Expanding on what @PaulBellow said, there’s only so much you can do in terms of keeping the model “on rails.”
If you absolutely need to keep it in check the most reliable way is to insert moderation layers between the user and the model both coming in and going out.
Essentially, you’d evaluate the prompt coming in to ensure it’s likely to only elicit a philosophy-related response. If not, intercept the prompt (don’t even send it to the AI) and return some sort of default message advising the user to keep the conversation on topic.

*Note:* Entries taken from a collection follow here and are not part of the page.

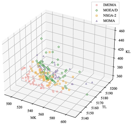 The scheduling decision schemes for each case are given in Table 5. From the table, it can be seen that the IMOMA algorithm is able to generate relatively better solutions, although some solutions do not dominate each other. It can be seen that the results obtained by IMOMA are able to achieve better results in more than two objectives compared to other algorithms. As in the case Kim24, the scheduling solution obtained by IMOMA computation can dominate the results of the NSGA-2 algorithm, and for MOEA/D and MOMA algorithms, the results of the IMOMA algorithm are more advantageous in the optimization of MK.
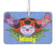 A lovely red ladybug with black spots, long eyelashes and big blue eyes and a red nose, surrounded by a pink butterfly and purple butterfly as she sits on a green lily pad with a multi colour confetti background makes up this fun air freshener. Customisable so you can add your own text and change the background colour. Makes a great gift!
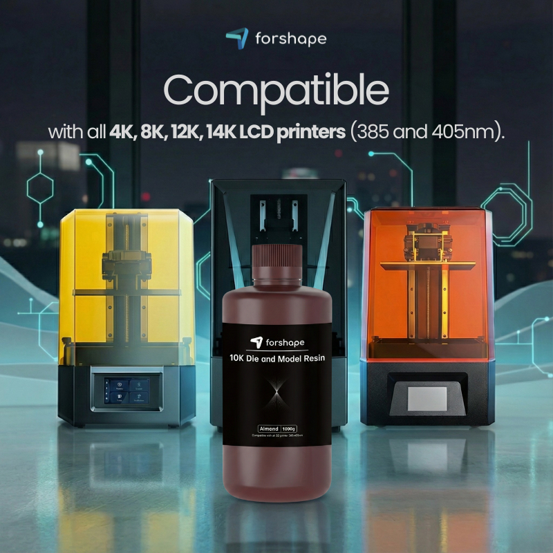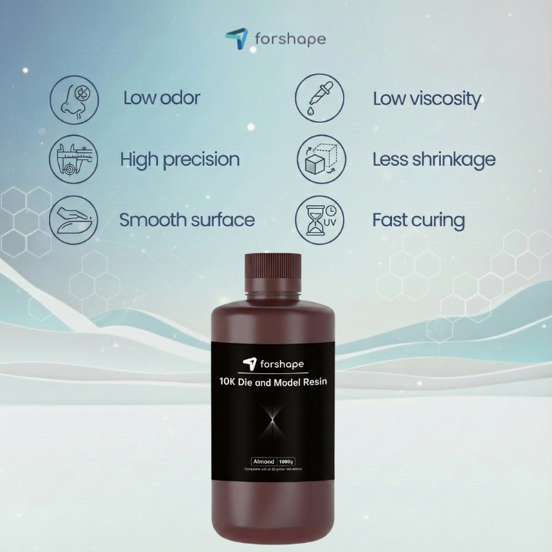 Das 10K Die and Model Almond Forshape Premium Resin ist ein hochwertiges Photopolymer, speziell entwickelt für die Herstellung hochkontrastiger Dentalmodelle. Der Mandelton verbessert die Sichtbarkeit feiner Details, während die hohe Präzision strenge Toleranzen für herausnehmbare Teile und anspruchsvolle dentale Anwendungen gewährleistet.
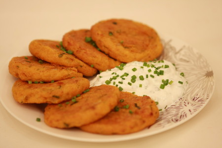 Израильская кухня.традиционные латкес, которые делают на Хануку очень похожи на картофельные драники. и конечно же латкес жарят, а эти латкес диетические:-)
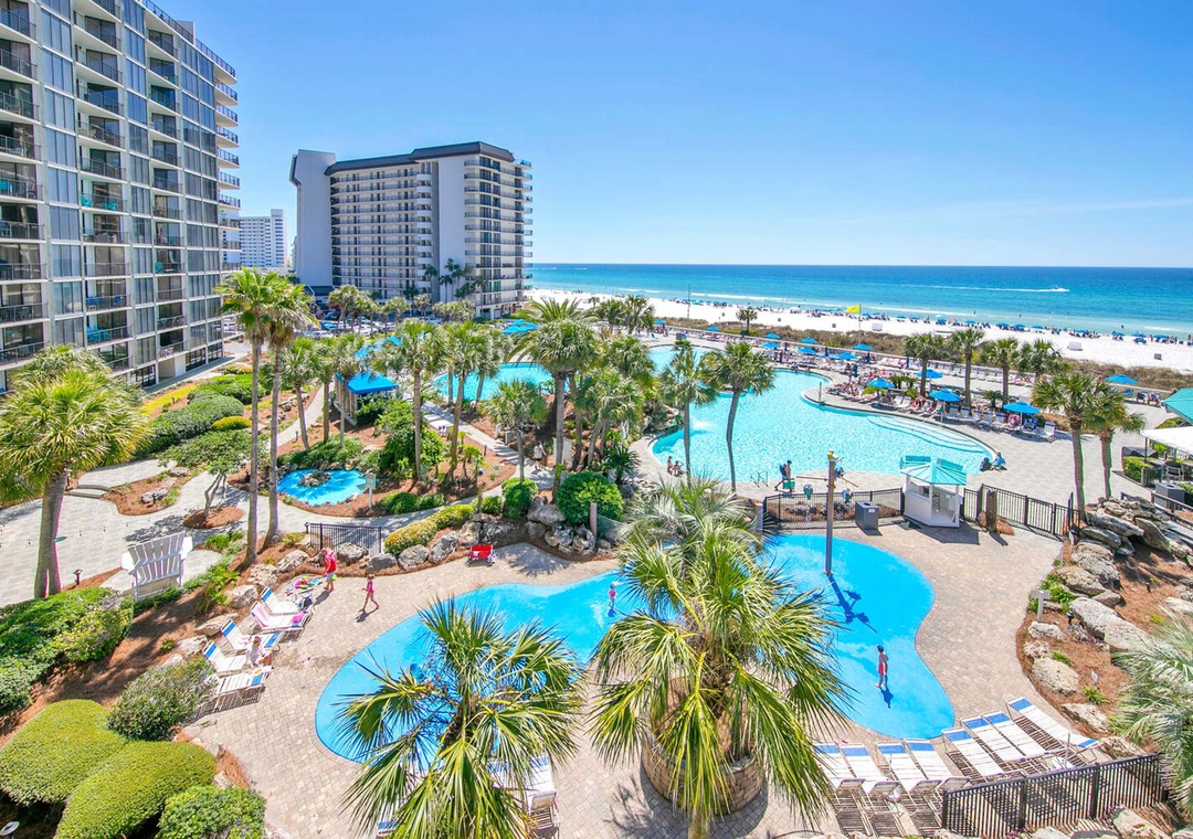You won't want to leave Edgewater Beach and Golf Resort in Panama City Beach! The resort is so extensive that you won't ever have to leave once you arrive and golf cart shuttles are provided to take you where you would like. With half a mile of private beach, eleven pools, four hot tubs, and a fabulous 11,500 s.f. Polynesian-style, free-form lagoon pool with waterfalls and fiber optic lighting, you can lounge to your heart's content! Wander past the six reflecting pools to wind down your day. Beach service is available for a fee. You'll also find restaurants galore available like Ocean's Bar and Grill for gulf-front dining, Starbucks coffee shop, Paradise Pizza, Blenders for frozen drinks on the Lagoon Pool Deck, and Edgie's Corner Market for ice cream or coffee. Other restaurants are within walking distance.
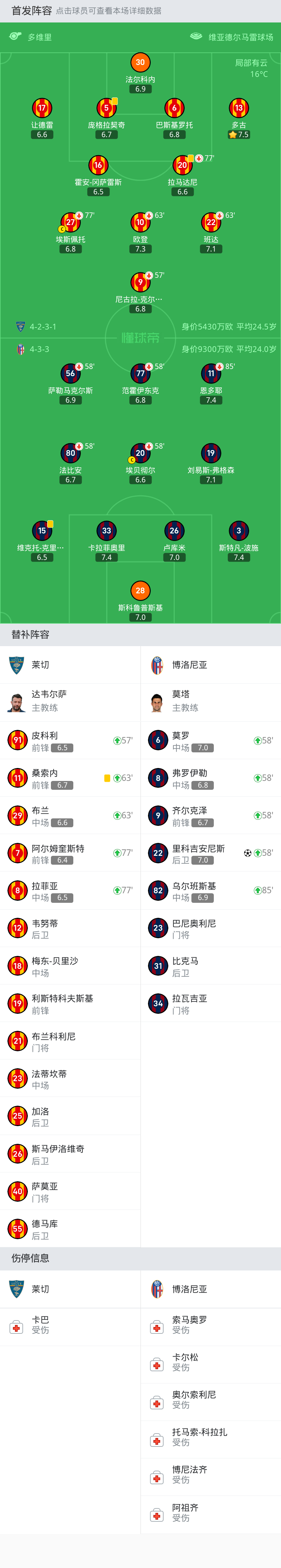 莱切 首发:30-法尔科内, 20-拉马达尼, 6-巴斯基罗托, 5-庞格拉契奇, 10-欧登, 9-尼古拉-克尔斯托维奇, 27-埃斯佩托, 22-班达, 17-让德雷, 16-霍安-冈萨雷斯, 13-多古
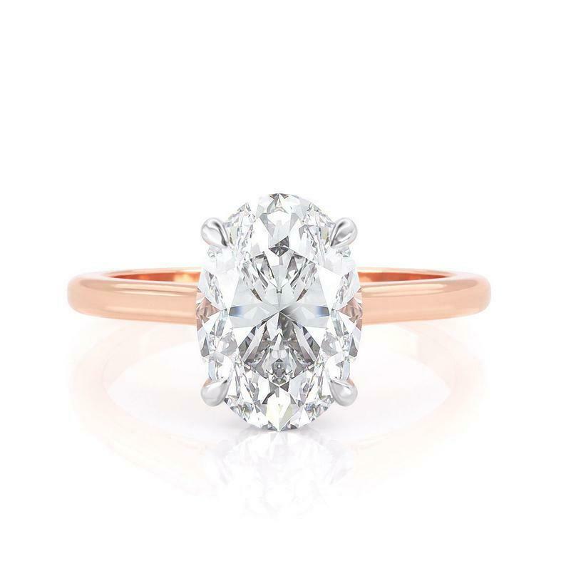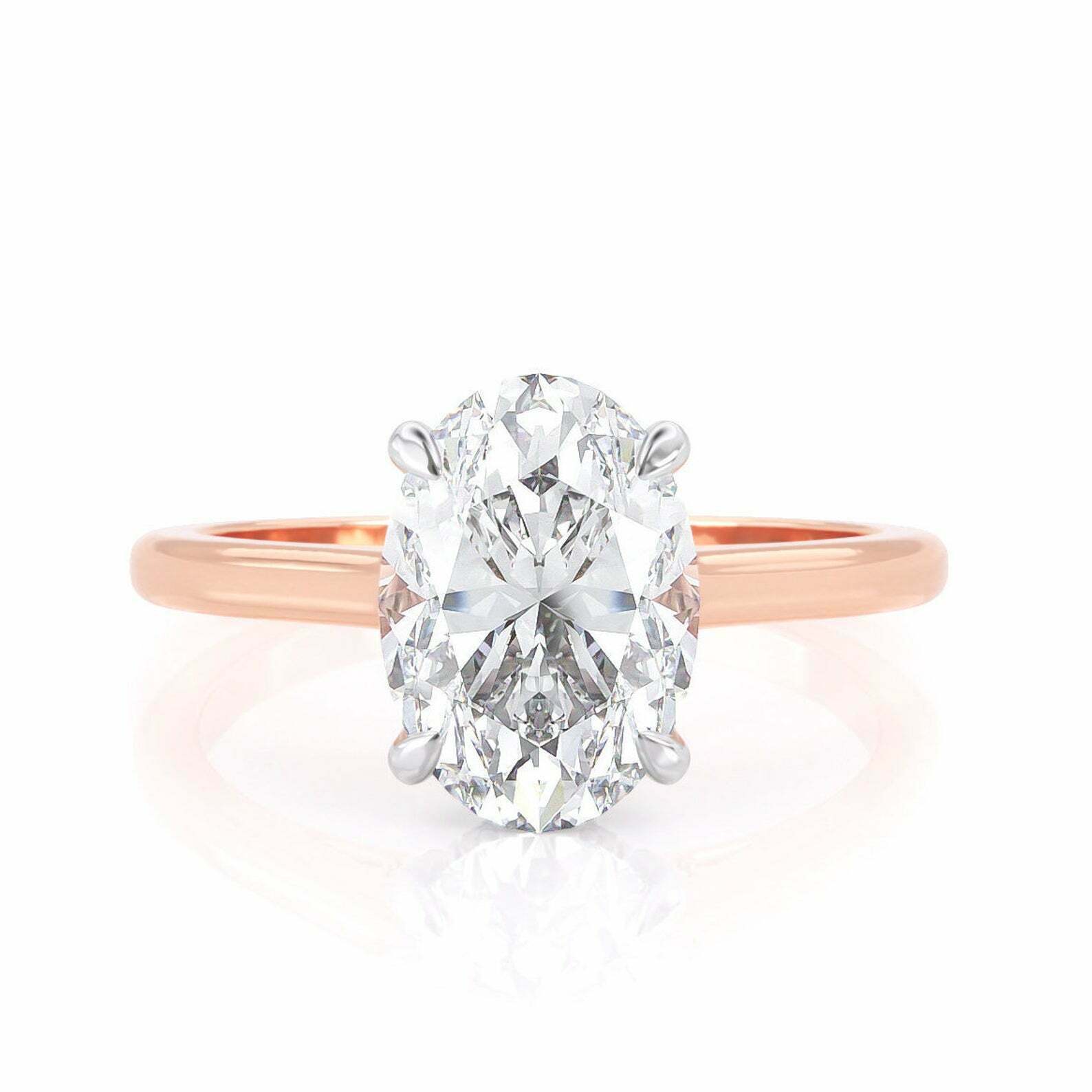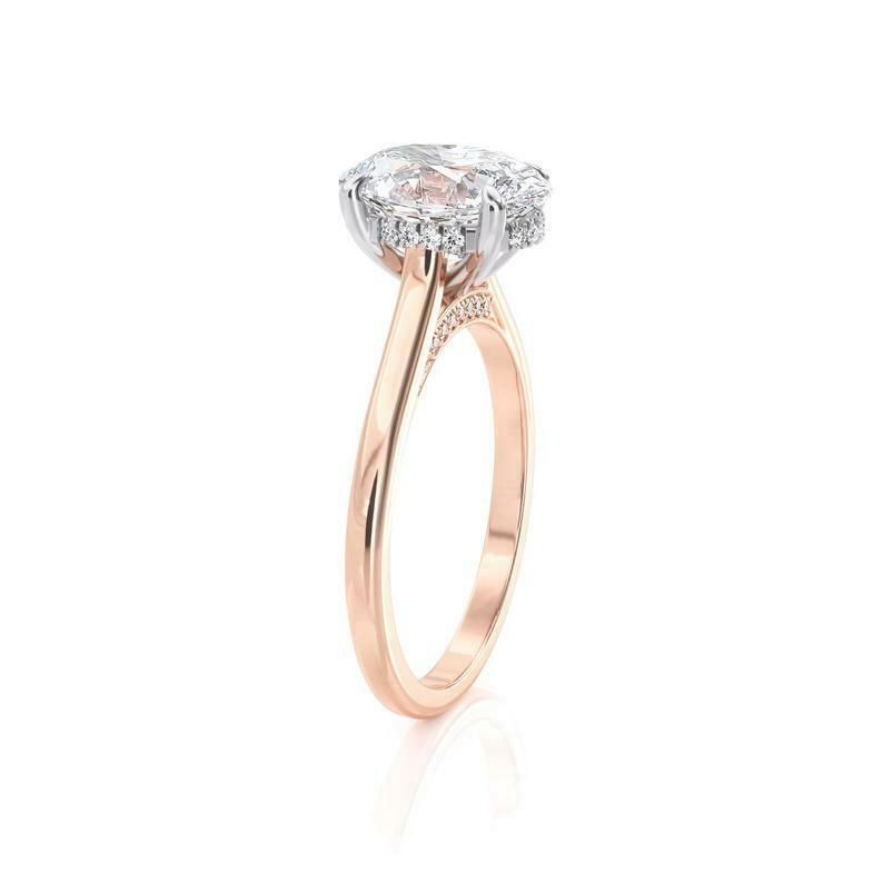 1.5ct Oval Cut Diamond Engagement Ring Hidden Halo Solitaire 14k Dual Gold Over
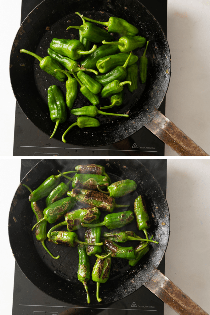 Eine Gusseisen- oder Grillpfanne erwärmen. Pimientos waschen und ohne Öl in die Pfanne geben. Dort bei mittlerer bis hoher Hitze etwa 5 Minuten anbraten, immer wieder wenden. Pimientos aus der Pfanne nehmen wenn sie rundherum gut gebräunt sind. Mit grobem Meersalz bestreuen.
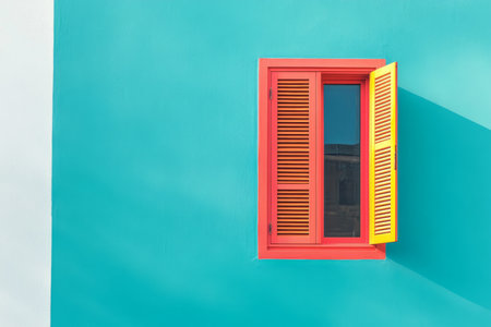 Window with open shutters on bright color wall background, AI generated
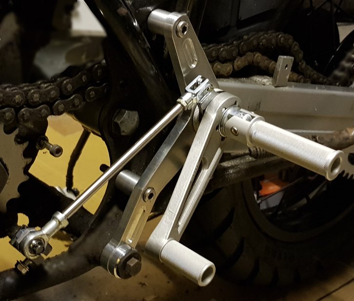 Wenn es echt nicht geht (und ich - wider besseres Wissen und trotz manigfaltiger, ernsthafter Warnungen - den legendären, unumgänglichen Katapultstart aufs Garagendach überlebe), dann kann ich ja immer noch auf Originalrasten zurückbauen oder mir das nächste fragwürdige Umbaukonstrukt dranschrauben bis ich es dann doch vielleicht "endlich einsehe".
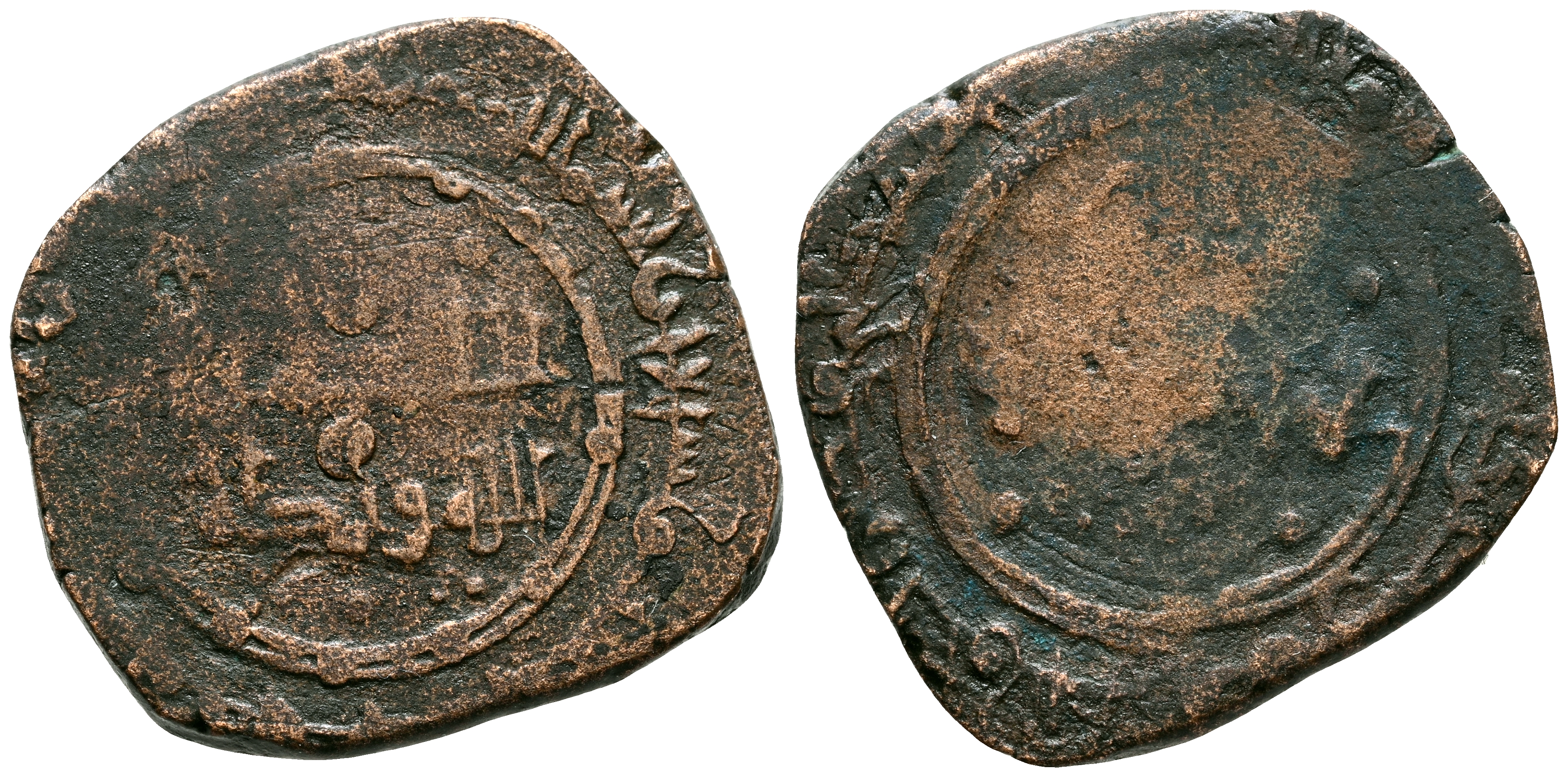 TAIFAS DEL CALIFATO, TOLEDO (Banu Du-l-Nun). Yahya II al-Qadir. Dirham. (Ve. 4,14g/21mm). 476H. Madinat Tulaytula (Toledo) / مدينة طليطلة. (Vives 1126; Prieto 347a). MBC-. Acuñación floja. Muy rara, más aun con la fecha perfectamente visible. Incluye etiqueta con anotaciones y dibujos de época del coleccionista.
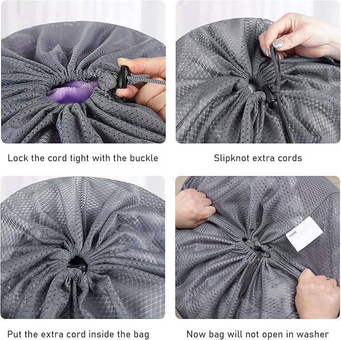 - 【Drawstring Locking Closure】The mesh bag has an locking drawstring closure to prevent spill. If you use them as wash bags, please tuck toggle inside the bag to avoid the drawstring loosen in washing machine.
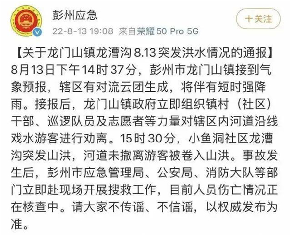 8月13日19點08分,彭州市應急管理局官方微博"彭州應急"就"龍門山鎮龍漕溝突發洪水"一事發布通報,提及事故原因為當日下午該轄區有對流云團生成,伴有短時強降雨,從而引發龍漕溝區域突發山洪,導致群眾被困。"通報"全文如下:
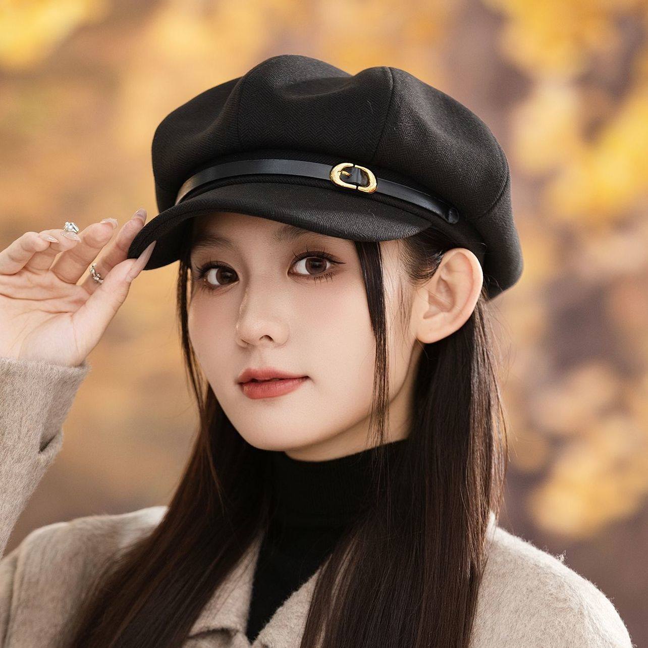 2025新款八角帽子女秋冬季加厚保暖贝雷帽时尚优雅复古鸭舌画家帽

Then, as a failsafe against some sort of “jailbreak” you’d check the response on output to ensure it’s appropriate and on topic, if it is not yours respond with the same advice to keep it on topic and possibly a warning, then you simply wouldn’t include the original generated response in the future context.
In addition to the system message you could also add a preface to every user prompt for the model to only respond in a philosophical context and maybe also add the same instruction at the end of the user prompt, sandwiching it with the caveat that it must only discuss philosophy.
With a good system message, bi-directional filtering, and sandwiching the user prompt, you should be able to keep the model locked in its lane.
Thanks for the help! I’ve tried a lot of questions so far and the chatgpt answer it all.
I’m using the gpt-3.5-turbo with only the required parameters for the completions API such as model, role and content.